It seems like everyone has an ‘Uncle Fred’ in their closet, the person that you have to see at a family holiday function that’s almost impossible to have a normal conversation with. Have you ever stopped to consider what is really at the root of this verbally challenged individual?
I have at least 1 Uncle Fred. And, I truly thought I did understand. Until, I recently read a great book where the subject of ‘silence or violence’ was described as a cornerstone for improved communication. Upon reading this, I understood, for the first time, all the crazy, over reactive, explosive interactions I have had with my father over the past 50 years.
In a nutshell, here’s what I learned. During this holiday season, when you find yourself in the middle of a difficult conversation (whether anticipated or by surprise) instead of getting caught up in it (which you kind of knew was coming) be mindful of 2 very common, and easy to detect, indicators that your communication has totally derailed. Silence or violence. Both of these conversational behaviors are a true indication that your conversation has become a monologue, one person talking the other not listening. It is the sign that they feel unsafe.
This was a true eye opener for me. A violent response means they feel threatened? What about me? I’m the one being shouted at? The truth is their reaction is a long standing, learned defense mechanism to feeling unsafe. And, although it takes time, and patience, you can work within any conversation to make someone feel safe, if you choose to.
So, how do we end this vicious verbal dance we’ve been doing for years? By following this proven practice:
- Watch for the first signs of impending silence or violence, in existing relationships, this is generally easy. We all know who we butt heads with on a regular basis. In other circumstances, just be mindful of the possibility.
- At first signs, (crossed arms, looking away, set jaw, change in breathing) mentally stop! Take a breath, releasing all tension and expectation from your mind and body. Recognize that unless you change something at this very critical moment the conversation is over. Let go of being right, heard, or respected for just a moment.

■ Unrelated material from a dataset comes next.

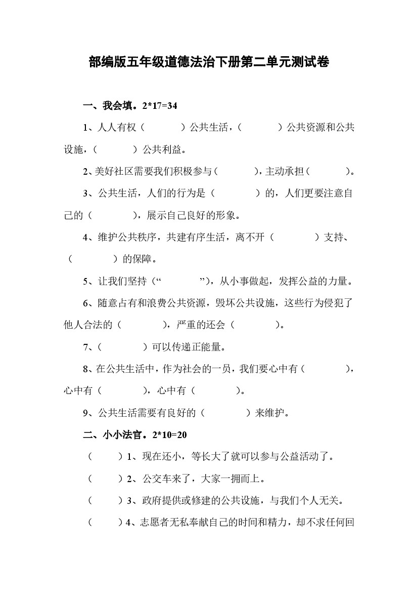 人教部编版道德与法治五年级下册第二单元测试题含答案

- Set about making the person feel comfortable and safe again. Remind them of how much you value their opinion, beliefs, desires or choices. Think of something you can say that validates who they are, what they want or believe. Acknowledge them, maybe even several different ways, followed by “and, (never but) I’d like to explain why I ...(feel the way I do), (need what I need) etc.”
- If you are met by silence or violence again... you’ve trampled on their safety, again. Go back to #2. Repeat this process until you can have the interaction you hope for.
Please don’t be mistaken into thinking that this is a 1-2-3 fix. If you’re lucky, it might be, especially with strangers or those you rarely engage in confrontational conversations. For those long standing, turbulent relationships this will take time, and a mindful practice. But, wouldn’t it be great if it paid off?
You can defuse those stressful holiday interactions by noticing when someone is withdrawing from a conversation either by silence or violence, accepting that you unknowingly made them feel unsafe, re-establishing the status quo, and moving on.
Happy Holidays. May your conversations be authentic, joyful, and calm!